### Record extracts
# # #

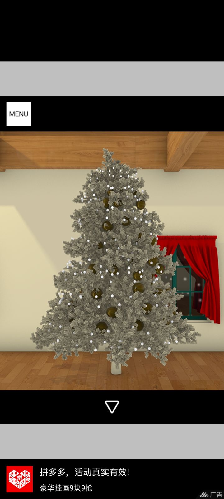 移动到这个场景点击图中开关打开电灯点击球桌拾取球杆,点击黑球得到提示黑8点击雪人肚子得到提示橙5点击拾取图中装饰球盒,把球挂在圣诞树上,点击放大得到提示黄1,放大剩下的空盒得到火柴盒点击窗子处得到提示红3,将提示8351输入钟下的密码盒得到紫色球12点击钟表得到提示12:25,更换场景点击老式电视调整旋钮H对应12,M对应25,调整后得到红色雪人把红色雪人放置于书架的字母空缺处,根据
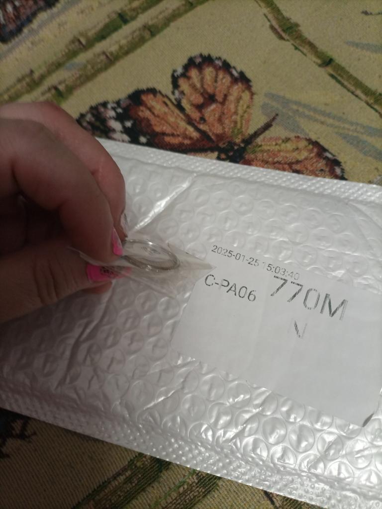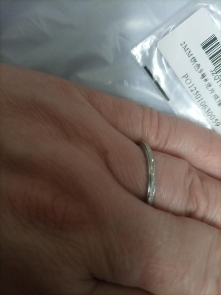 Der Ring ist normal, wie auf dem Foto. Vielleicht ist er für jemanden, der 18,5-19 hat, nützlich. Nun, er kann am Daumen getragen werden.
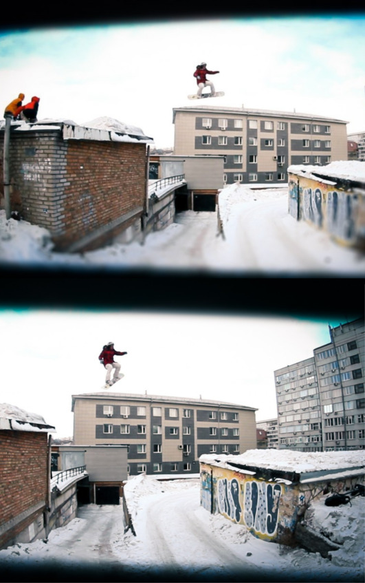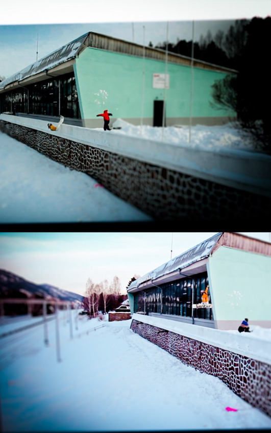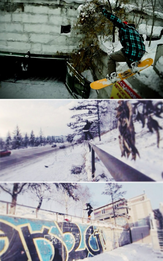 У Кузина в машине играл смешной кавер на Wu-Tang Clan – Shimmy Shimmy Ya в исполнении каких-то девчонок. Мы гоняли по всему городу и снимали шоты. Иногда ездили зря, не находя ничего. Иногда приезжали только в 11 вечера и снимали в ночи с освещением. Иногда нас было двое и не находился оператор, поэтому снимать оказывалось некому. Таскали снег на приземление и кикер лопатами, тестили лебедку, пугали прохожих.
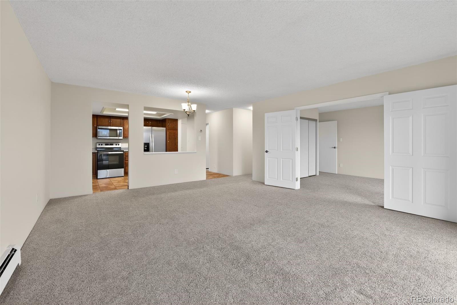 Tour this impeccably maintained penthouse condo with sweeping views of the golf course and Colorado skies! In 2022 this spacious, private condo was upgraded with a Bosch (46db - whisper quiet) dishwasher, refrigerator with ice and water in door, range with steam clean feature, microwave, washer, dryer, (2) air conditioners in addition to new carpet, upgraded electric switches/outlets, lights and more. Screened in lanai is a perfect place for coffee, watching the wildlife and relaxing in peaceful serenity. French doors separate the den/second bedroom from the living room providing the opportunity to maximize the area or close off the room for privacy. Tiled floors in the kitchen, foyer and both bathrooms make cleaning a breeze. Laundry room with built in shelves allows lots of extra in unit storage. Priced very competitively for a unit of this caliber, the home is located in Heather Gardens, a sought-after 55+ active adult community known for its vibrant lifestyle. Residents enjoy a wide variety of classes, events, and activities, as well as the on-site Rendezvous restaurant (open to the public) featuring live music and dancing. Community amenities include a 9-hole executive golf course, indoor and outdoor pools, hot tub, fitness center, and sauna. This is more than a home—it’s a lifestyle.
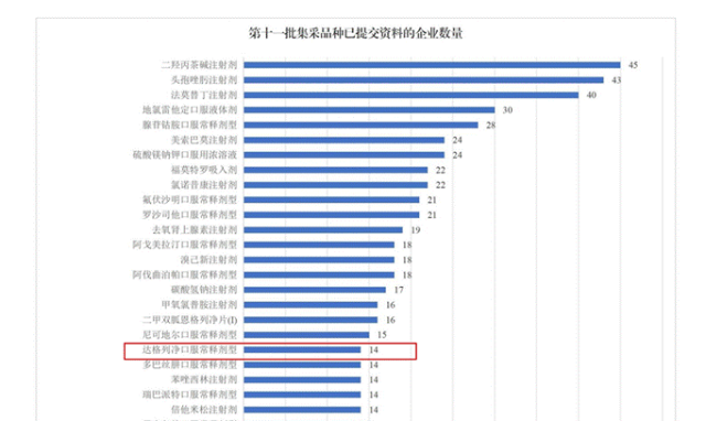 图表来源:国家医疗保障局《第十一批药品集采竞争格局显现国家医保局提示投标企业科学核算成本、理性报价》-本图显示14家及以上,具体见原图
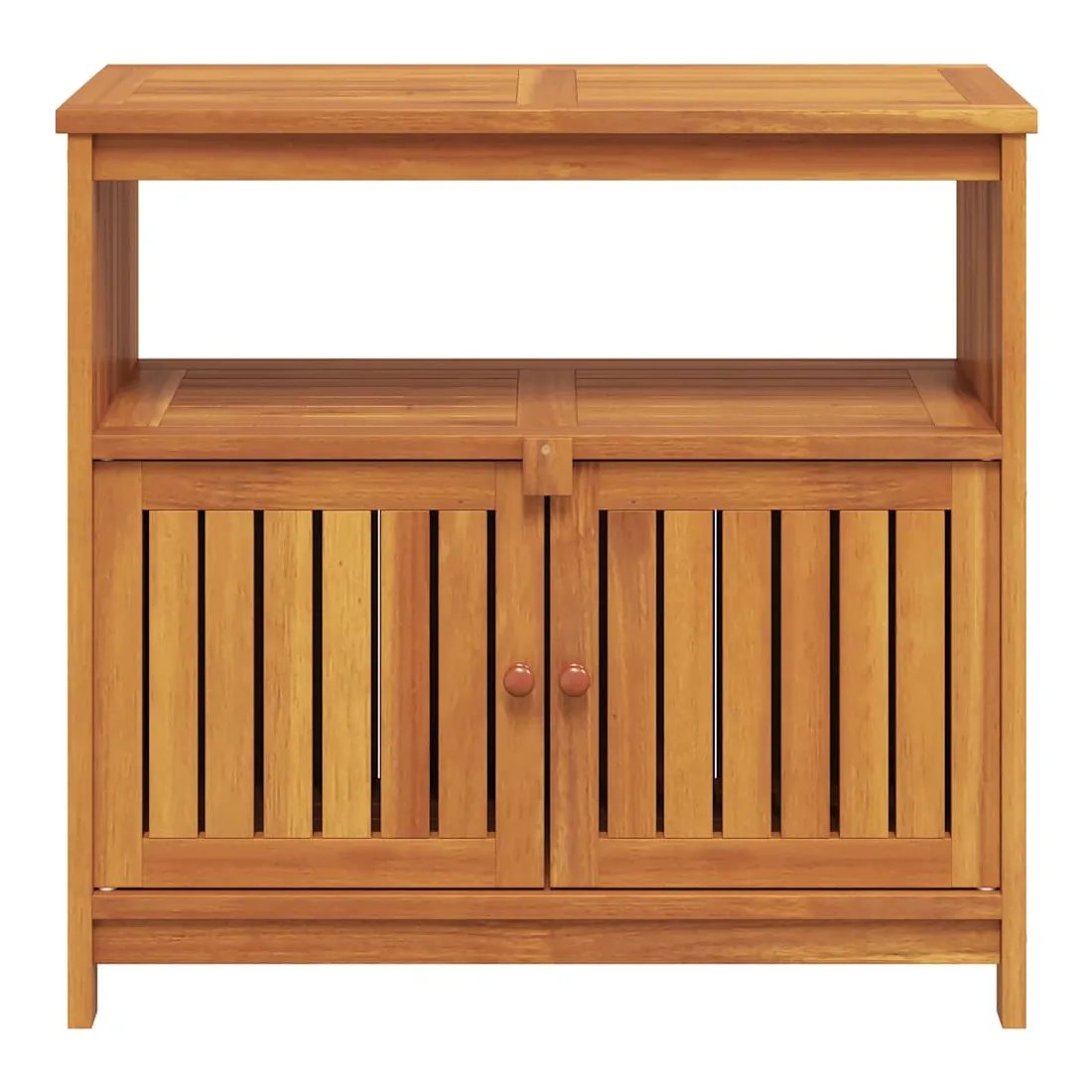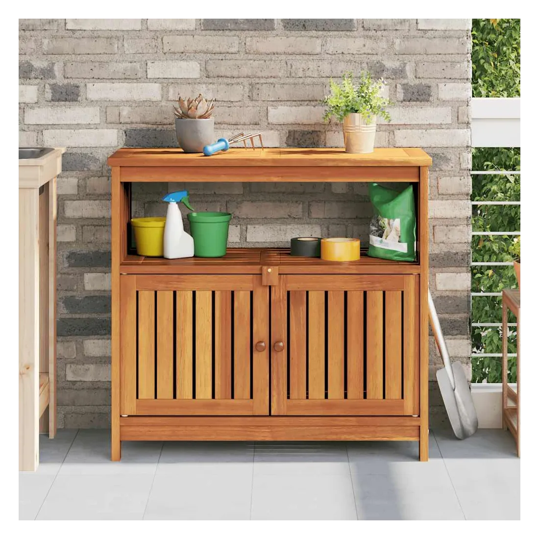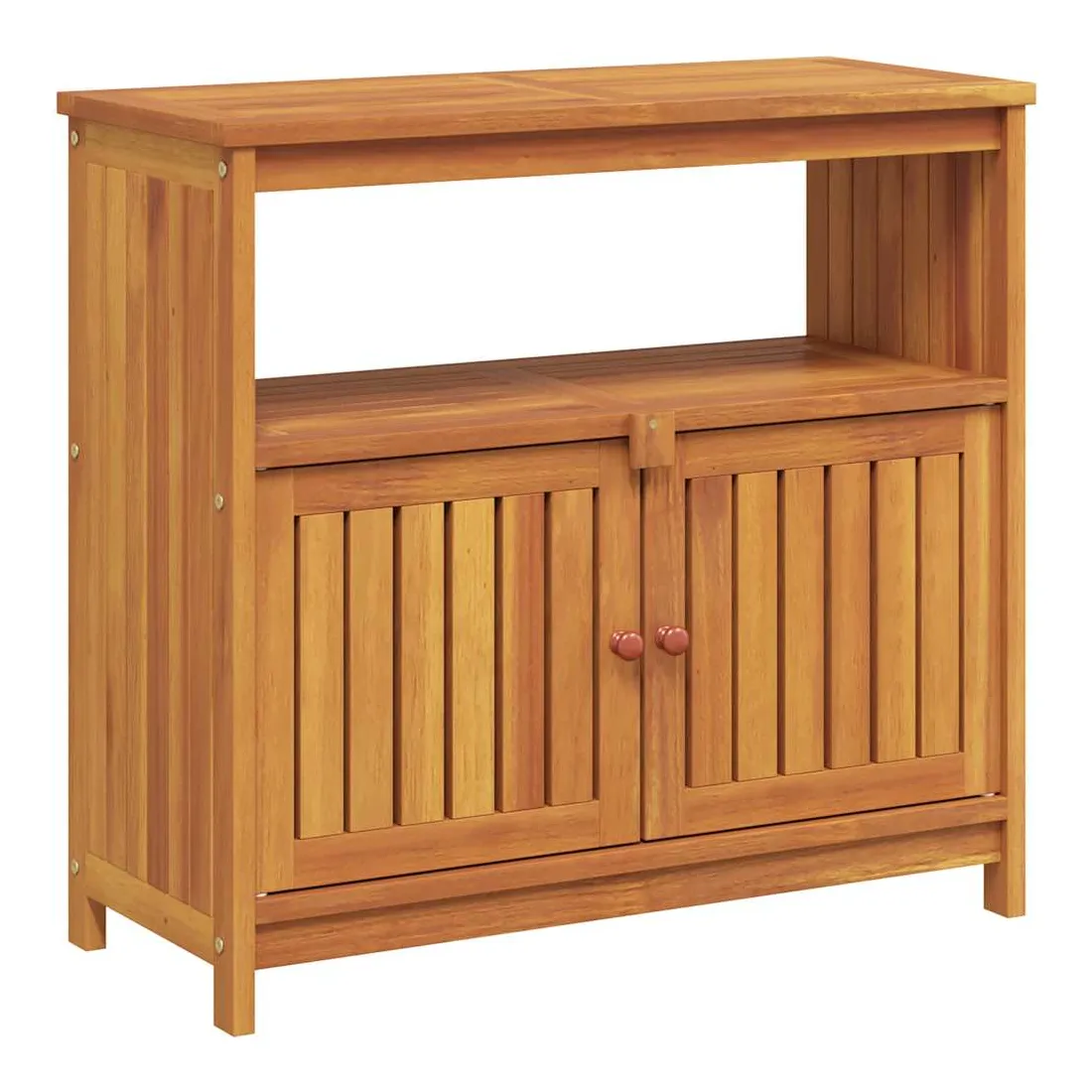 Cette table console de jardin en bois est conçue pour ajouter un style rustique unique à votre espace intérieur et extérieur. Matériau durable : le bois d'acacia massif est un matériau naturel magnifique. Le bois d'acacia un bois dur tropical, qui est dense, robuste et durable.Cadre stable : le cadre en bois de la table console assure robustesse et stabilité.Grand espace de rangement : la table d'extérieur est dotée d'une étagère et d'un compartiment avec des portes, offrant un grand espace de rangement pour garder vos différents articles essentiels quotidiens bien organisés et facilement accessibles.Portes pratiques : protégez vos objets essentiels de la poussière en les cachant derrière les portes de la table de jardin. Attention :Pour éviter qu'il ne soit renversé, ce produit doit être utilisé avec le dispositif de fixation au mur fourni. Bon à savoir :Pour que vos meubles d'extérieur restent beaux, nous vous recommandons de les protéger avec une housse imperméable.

# # #

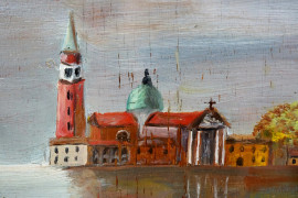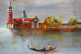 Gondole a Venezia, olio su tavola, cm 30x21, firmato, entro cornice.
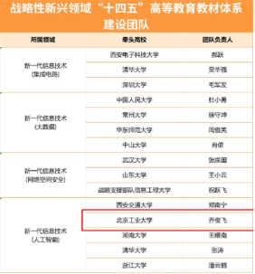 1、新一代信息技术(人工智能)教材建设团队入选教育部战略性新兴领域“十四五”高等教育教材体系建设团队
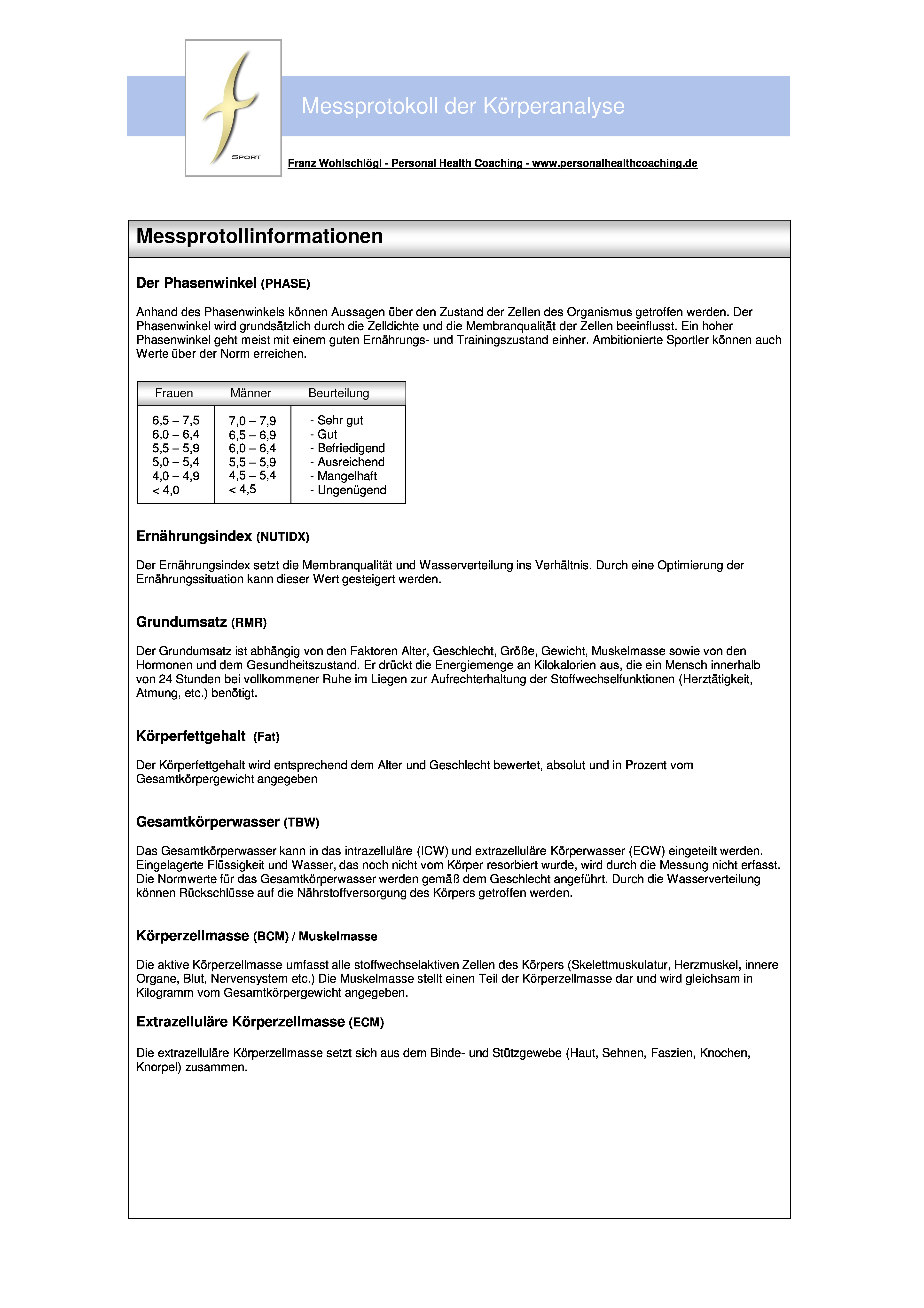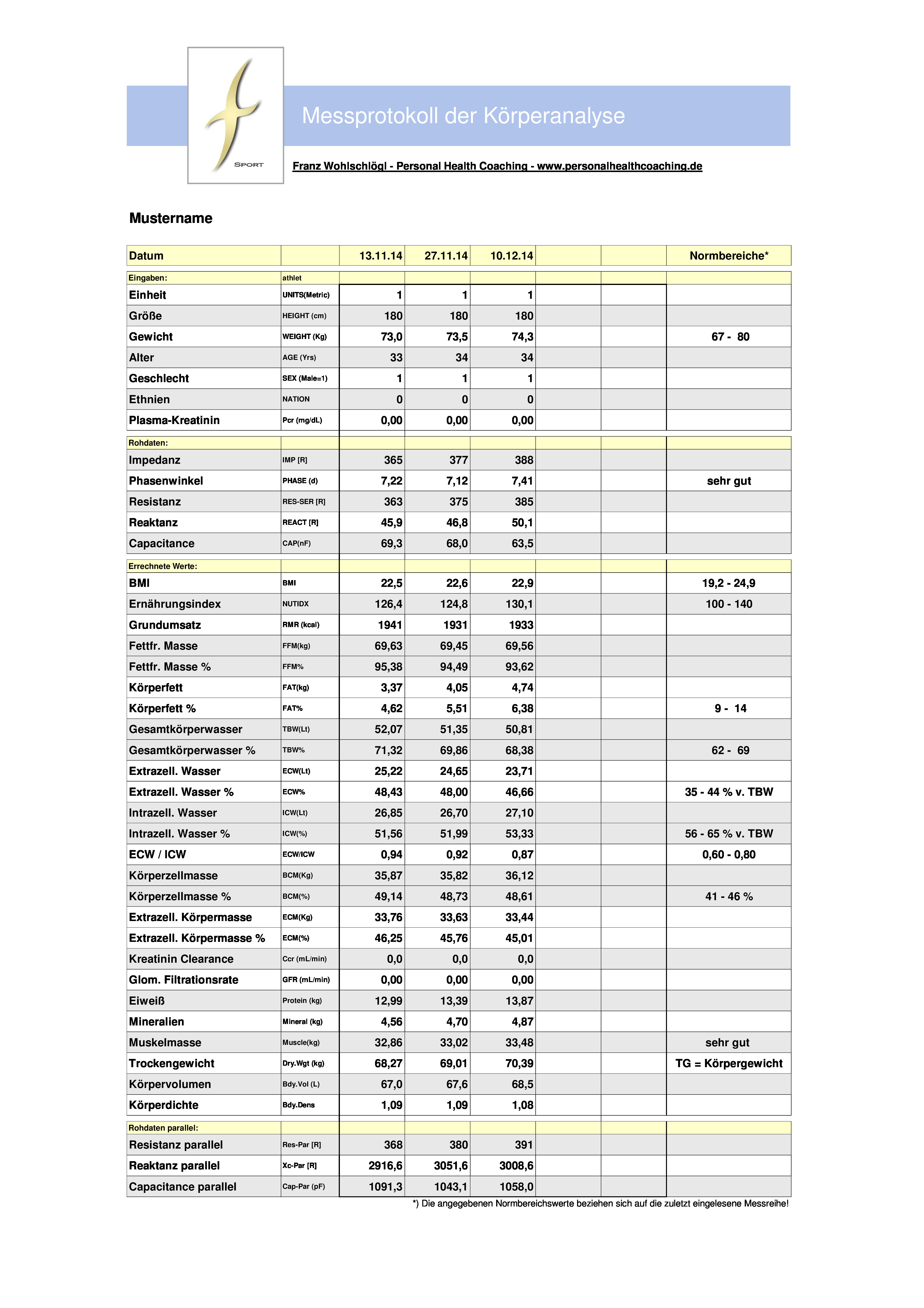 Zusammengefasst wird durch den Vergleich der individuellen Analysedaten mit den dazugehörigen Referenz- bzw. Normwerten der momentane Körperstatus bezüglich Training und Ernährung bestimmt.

# # #

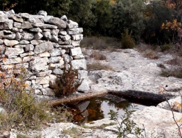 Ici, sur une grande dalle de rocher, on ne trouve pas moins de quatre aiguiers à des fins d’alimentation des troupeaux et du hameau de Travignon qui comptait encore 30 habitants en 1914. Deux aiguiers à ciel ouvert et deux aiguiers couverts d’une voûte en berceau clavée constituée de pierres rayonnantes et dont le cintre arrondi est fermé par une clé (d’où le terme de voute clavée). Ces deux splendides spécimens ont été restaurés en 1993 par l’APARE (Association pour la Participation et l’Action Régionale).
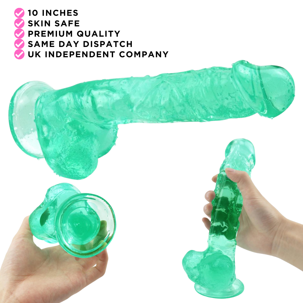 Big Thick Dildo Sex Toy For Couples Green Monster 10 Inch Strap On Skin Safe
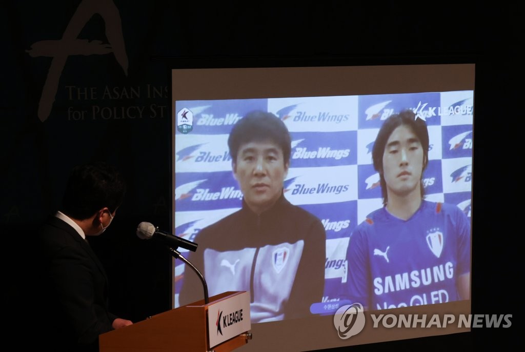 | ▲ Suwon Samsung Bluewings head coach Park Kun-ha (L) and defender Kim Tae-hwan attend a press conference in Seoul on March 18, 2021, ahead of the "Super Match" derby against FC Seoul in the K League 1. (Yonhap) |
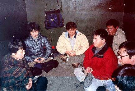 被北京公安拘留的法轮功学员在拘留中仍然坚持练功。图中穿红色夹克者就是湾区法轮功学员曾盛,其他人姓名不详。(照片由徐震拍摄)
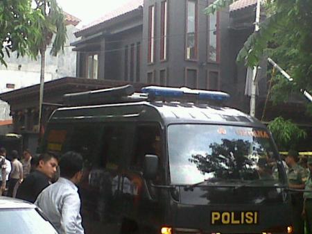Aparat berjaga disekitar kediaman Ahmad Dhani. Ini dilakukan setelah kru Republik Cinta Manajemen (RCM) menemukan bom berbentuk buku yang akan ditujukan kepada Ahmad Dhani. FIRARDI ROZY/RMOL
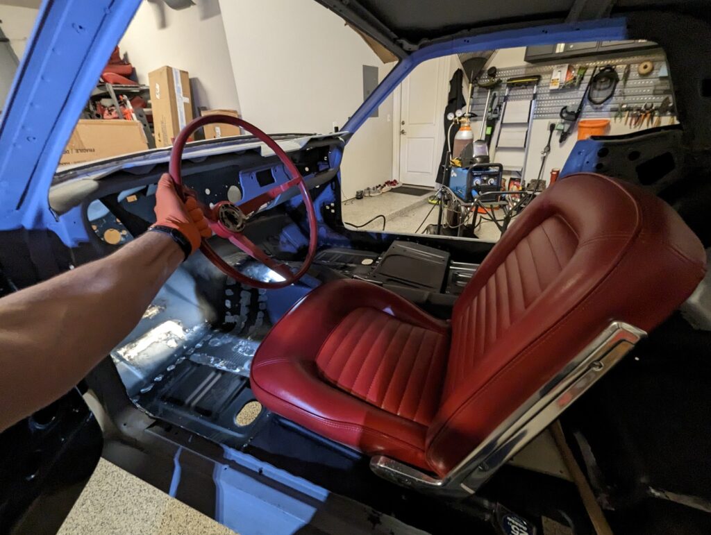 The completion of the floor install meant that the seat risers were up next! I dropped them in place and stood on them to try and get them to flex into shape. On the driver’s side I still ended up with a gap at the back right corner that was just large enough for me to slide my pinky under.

# # #

### Task objective
Using the data above, retype exactly and only the lines from the one containing "Aparat berjaga disekitar" up to and including the one containing "The completion of", with no pictures carried over.

### Solution below
Aparat berjaga disekitar kediaman Ahmad Dhani. Ini dilakukan setelah kru Republik Cinta Manajemen (RCM) menemukan bom berbentuk buku yang akan ditujukan kepada Ahmad Dhani. FIRARDI ROZY/RMOL
 The completion of the floor install meant that the seat risers were up next! I dropped them in place and stood on them to try and get them to flex into shape. On the driver’s side I still ended up with a gap at the back right corner that was just large enough for me to slide my pinky under.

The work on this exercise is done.